» Available records
# # # # #

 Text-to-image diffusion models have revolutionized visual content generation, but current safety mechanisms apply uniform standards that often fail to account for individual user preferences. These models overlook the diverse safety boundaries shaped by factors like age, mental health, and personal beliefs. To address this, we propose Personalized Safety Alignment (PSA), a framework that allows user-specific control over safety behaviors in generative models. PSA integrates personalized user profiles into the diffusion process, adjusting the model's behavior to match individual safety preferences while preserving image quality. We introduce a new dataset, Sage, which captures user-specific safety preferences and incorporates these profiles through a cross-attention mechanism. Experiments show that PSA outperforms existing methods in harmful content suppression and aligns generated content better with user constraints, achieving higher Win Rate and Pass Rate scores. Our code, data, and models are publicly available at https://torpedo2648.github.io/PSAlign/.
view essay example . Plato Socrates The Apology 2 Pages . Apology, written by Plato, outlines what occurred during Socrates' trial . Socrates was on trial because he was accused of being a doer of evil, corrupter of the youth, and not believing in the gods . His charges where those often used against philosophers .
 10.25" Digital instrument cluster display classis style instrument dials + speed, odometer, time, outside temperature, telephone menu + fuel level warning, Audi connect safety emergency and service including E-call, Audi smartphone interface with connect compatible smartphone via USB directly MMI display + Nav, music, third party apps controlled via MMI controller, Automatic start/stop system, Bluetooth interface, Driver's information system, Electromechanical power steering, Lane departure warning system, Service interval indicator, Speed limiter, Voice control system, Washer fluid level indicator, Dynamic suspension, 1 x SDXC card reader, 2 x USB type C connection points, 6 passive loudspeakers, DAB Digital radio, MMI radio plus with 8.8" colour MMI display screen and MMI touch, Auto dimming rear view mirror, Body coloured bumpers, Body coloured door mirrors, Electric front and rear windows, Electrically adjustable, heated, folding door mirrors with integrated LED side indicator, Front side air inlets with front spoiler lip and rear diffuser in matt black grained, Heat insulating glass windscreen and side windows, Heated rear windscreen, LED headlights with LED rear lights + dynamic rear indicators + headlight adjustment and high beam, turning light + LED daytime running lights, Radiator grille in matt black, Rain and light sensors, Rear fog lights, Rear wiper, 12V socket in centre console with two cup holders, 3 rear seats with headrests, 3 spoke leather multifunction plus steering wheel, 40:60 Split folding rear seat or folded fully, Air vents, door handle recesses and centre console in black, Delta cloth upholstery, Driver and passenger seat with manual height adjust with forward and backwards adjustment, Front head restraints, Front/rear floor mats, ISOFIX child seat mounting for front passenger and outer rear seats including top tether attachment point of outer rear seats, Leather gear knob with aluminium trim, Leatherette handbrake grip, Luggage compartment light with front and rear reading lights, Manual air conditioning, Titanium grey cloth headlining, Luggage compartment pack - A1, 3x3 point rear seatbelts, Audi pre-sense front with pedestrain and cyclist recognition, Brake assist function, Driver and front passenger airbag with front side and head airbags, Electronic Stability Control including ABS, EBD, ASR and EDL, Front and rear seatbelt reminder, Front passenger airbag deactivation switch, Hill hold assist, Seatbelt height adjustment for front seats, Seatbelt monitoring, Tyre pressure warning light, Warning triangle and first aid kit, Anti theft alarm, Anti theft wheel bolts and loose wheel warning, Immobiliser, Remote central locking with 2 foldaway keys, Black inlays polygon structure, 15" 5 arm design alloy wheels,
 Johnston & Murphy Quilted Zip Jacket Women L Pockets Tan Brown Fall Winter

# # # # #

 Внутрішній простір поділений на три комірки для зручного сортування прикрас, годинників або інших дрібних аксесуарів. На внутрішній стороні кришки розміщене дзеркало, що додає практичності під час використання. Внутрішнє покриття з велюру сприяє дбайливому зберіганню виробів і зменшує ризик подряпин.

# # # # #

» Exercise
Each line above that contains the string "often" should be copied.

» Answer to the exercise
 Text-to-image diffusion models have revolutionized visual content generation, but current safety mechanisms apply uniform standards that often fail to account for individual user preferences. These models overlook the diverse safety boundaries shaped by factors like age, mental health, and personal beliefs. To address this, we propose Personalized Safety Alignment (PSA), a framework that allows user-specific control over safety behaviors in generative models. PSA integrates personalized user profiles into the diffusion process, adjusting the model's behavior to match individual safety preferences while preserving image quality. We introduce a new dataset, Sage, which captures user-specific safety preferences and incorporates these profiles through a cross-attention mechanism. Experiments show that PSA outperforms existing methods in harmful content suppression and aligns generated content better with user constraints, achieving higher Win Rate and Pass Rate scores. Our code, data, and models are publicly available at https://torpedo2648.github.io/PSAlign/.
view essay example . Plato Socrates The Apology 2 Pages . Apology, written by Plato, outlines what occurred during Socrates' trial . Socrates was on trial because he was accused of being a doer of evil, corrupter of the youth, and not believing in the gods . His charges where those often used against philosophers .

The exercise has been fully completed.